L'Usine Nouvelle. - Linkinvax a annoncé jeudi 10 février une levée de fonds d’amorçage de 4,35 millions d’euros. Vous aviez aussi obtenu des fonds de Bpifrance. De combien disposez-vous et quels sont les besoins de Linkinvax ?

André-Jacques Auberton-Hervé. - Il y a eu deux parties.
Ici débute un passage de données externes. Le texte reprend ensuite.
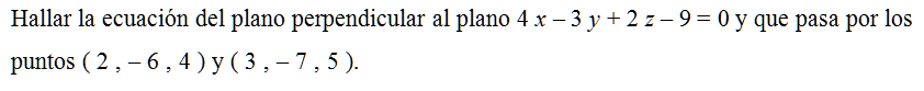 Hallar la ecuación del plano perpendicular al plano 4 x – 3 y + 2 z – 9 = 0 y que pasa por los puntos ( 2 , – 6 , 4 ) y ( 3 , – 7 , 5 ).
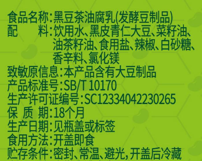 【产品配料】饮用水、黑皮青仁大豆、菜籽油、油茶籽油、食用盐、辣椒、白砂糖、香辛料、氯化镁
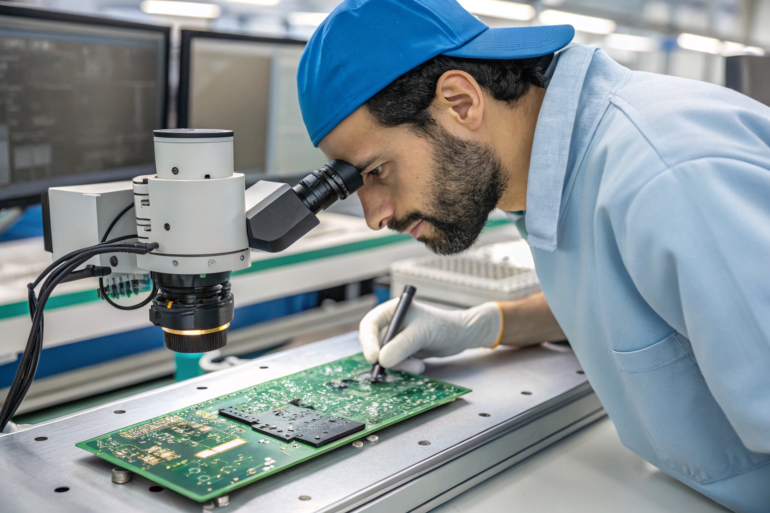 In factory workshops, inspection is supported by magnification tools or Automated Optical Inspection (AOI) systems. AOI detects solder bridges, insufficient solder, and placement errors that may not be visible to the naked eye.
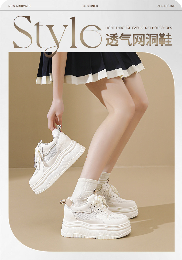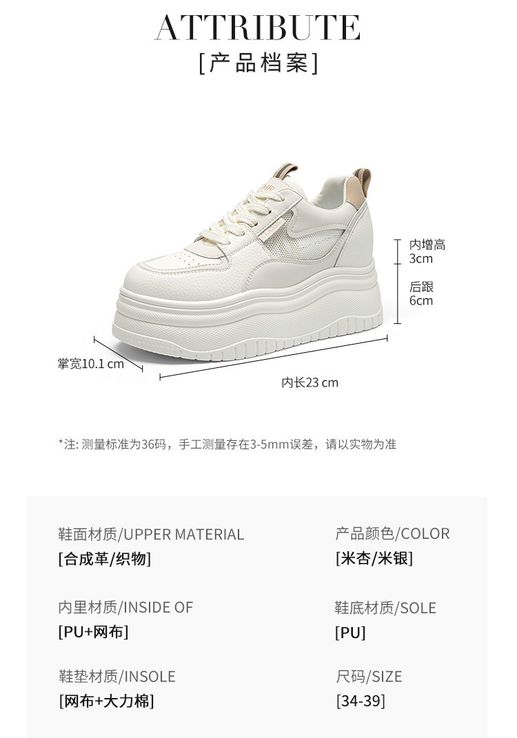 商品名称:【秒高6.5】透气休闲鞋女网面鞋夏款2024百搭小白鞋女鞋子 438144
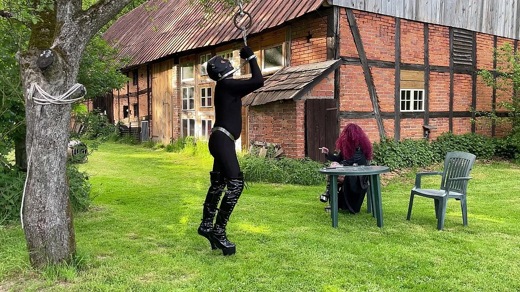 Watch as I, the dominatrix, restrain my slave in a metal bondage device, forcing him to stand on tiptoes with a rope tied to a tree. He s wearing high-heeled boots, or rather heel-less boots, leaving him no choice but to balance on his toes. This all takes place outdoors, in a meadow, beneath a tree. Once secured, I take a seat at the table, leaving him restrained while I smoke and enjoy my own company. Experience the thrill of domination and submission in this captivating scene.<br><br>Feat. GrayNoice<br>Tags. restraints

La première provient du Programme d’investissements d’avenir (PIA) dans le cadre de la lutte contre le Covid-19. Nous avions postulé en décembre 2020, un mois après la création de Linkinvax - qui est un spin-off du laboratoire d'excellence Institut de recherche vaccinale (VRI) - et avons obtenu 31 millions d’euros de Bpifrance en août 2021, sous forme d’avances remboursables et de subventions.

Aujourd’hui, ces 4,35 millions d’euros supplémentaires levés auprès d’investisseurs privés en Europe et aux Etats-Unis ne concernent pas que le Covid-19, mais l’ensemble de notre plan de développement. L’ambition de Linkinvax est de porter en phase clinique plusieurs vaccins contre plusieurs pathogènes dans le cadre d’une plateforme technologique très innovante ciblant les cellules dendritiques. Un vaccin, c’est un programme de 30 à 35 millions d’euros en moyenne, sur deux ans. Nous ciblons cinq produits dans les cinq ans, cela donne une idée des montants à lever.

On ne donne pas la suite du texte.